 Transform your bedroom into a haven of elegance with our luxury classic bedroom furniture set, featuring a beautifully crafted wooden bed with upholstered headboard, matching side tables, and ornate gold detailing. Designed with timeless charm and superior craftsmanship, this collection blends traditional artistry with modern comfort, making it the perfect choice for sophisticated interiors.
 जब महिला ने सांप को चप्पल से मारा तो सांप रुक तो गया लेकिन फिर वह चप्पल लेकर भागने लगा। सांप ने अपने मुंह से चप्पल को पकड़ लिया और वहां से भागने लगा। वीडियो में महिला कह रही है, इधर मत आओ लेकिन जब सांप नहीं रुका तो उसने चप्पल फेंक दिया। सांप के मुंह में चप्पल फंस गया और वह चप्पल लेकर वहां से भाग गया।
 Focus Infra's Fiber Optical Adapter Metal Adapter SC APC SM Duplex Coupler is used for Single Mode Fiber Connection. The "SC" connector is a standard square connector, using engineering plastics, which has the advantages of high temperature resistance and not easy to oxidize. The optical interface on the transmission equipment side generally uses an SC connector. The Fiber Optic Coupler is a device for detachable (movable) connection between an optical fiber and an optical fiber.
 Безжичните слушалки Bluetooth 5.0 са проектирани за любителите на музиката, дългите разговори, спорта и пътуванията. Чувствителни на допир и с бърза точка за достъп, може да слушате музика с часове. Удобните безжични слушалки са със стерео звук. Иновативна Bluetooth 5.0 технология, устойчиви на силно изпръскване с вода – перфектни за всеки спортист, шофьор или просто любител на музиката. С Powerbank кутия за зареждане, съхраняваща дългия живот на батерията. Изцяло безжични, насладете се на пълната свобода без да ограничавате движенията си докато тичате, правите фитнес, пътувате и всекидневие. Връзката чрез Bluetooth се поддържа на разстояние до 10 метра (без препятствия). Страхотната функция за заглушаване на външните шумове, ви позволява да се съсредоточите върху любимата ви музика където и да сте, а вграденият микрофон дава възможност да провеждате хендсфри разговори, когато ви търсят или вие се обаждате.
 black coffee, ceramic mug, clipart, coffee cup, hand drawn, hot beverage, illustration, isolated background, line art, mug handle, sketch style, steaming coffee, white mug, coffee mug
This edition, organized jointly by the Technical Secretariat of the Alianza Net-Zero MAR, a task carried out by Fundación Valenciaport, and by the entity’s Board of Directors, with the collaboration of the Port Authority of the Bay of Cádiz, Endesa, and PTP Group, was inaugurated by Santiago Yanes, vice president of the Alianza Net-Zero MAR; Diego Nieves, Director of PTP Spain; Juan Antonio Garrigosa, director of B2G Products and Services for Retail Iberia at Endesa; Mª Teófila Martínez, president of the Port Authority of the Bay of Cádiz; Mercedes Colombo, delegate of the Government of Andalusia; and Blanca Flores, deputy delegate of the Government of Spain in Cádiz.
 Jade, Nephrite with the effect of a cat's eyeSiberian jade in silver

***

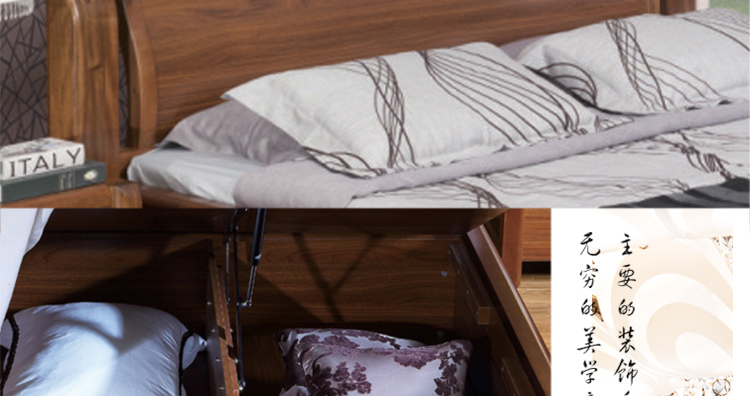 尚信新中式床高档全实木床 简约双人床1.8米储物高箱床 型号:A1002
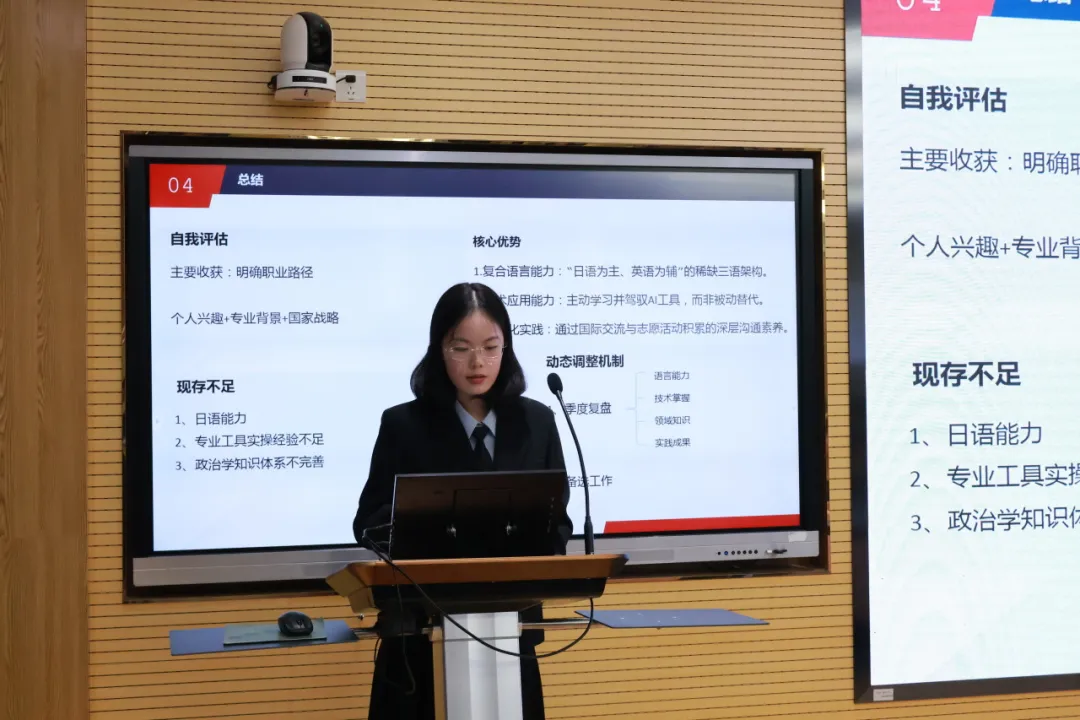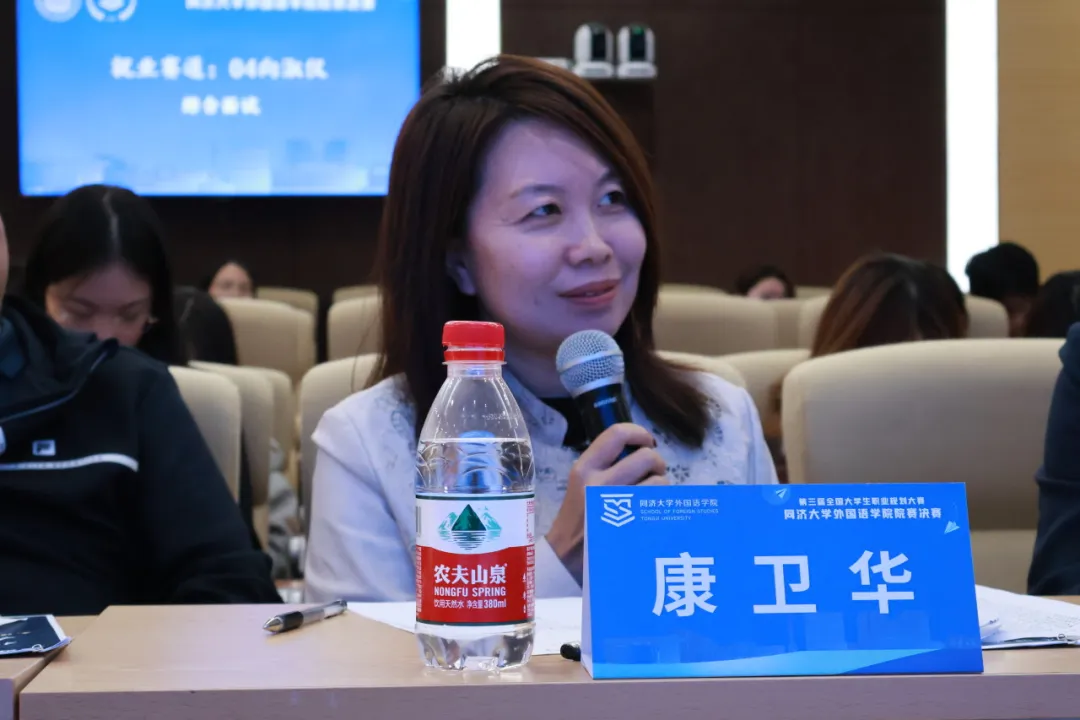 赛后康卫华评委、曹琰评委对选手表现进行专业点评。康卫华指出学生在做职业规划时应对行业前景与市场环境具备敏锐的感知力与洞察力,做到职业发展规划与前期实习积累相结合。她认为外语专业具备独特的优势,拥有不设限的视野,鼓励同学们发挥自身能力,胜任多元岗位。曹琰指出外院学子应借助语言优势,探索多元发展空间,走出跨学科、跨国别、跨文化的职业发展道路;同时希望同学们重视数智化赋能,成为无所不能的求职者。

***

- HOW TO COMPLETE THIS TASK
Word for word, restate the lines of the listing above starting at the line with "Transform your bedroom" and ending at the line with "जब महिला ने", and nothing outside them.

- OUTPUT FOR THIS TASK
 Transform your bedroom into a haven of elegance with our luxury classic bedroom furniture set, featuring a beautifully crafted wooden bed with upholstered headboard, matching side tables, and ornate gold detailing. Designed with timeless charm and superior craftsmanship, this collection blends traditional artistry with modern comfort, making it the perfect choice for sophisticated interiors.
 जब महिला ने सांप को चप्पल से मारा तो सांप रुक तो गया लेकिन फिर वह चप्पल लेकर भागने लगा। सांप ने अपने मुंह से चप्पल को पकड़ लिया और वहां से भागने लगा। वीडियो में महिला कह रही है, इधर मत आओ लेकिन जब सांप नहीं रुका तो उसने चप्पल फेंक दिया। सांप के मुंह में चप्पल फंस गया और वह चप्पल लेकर वहां से भाग गया।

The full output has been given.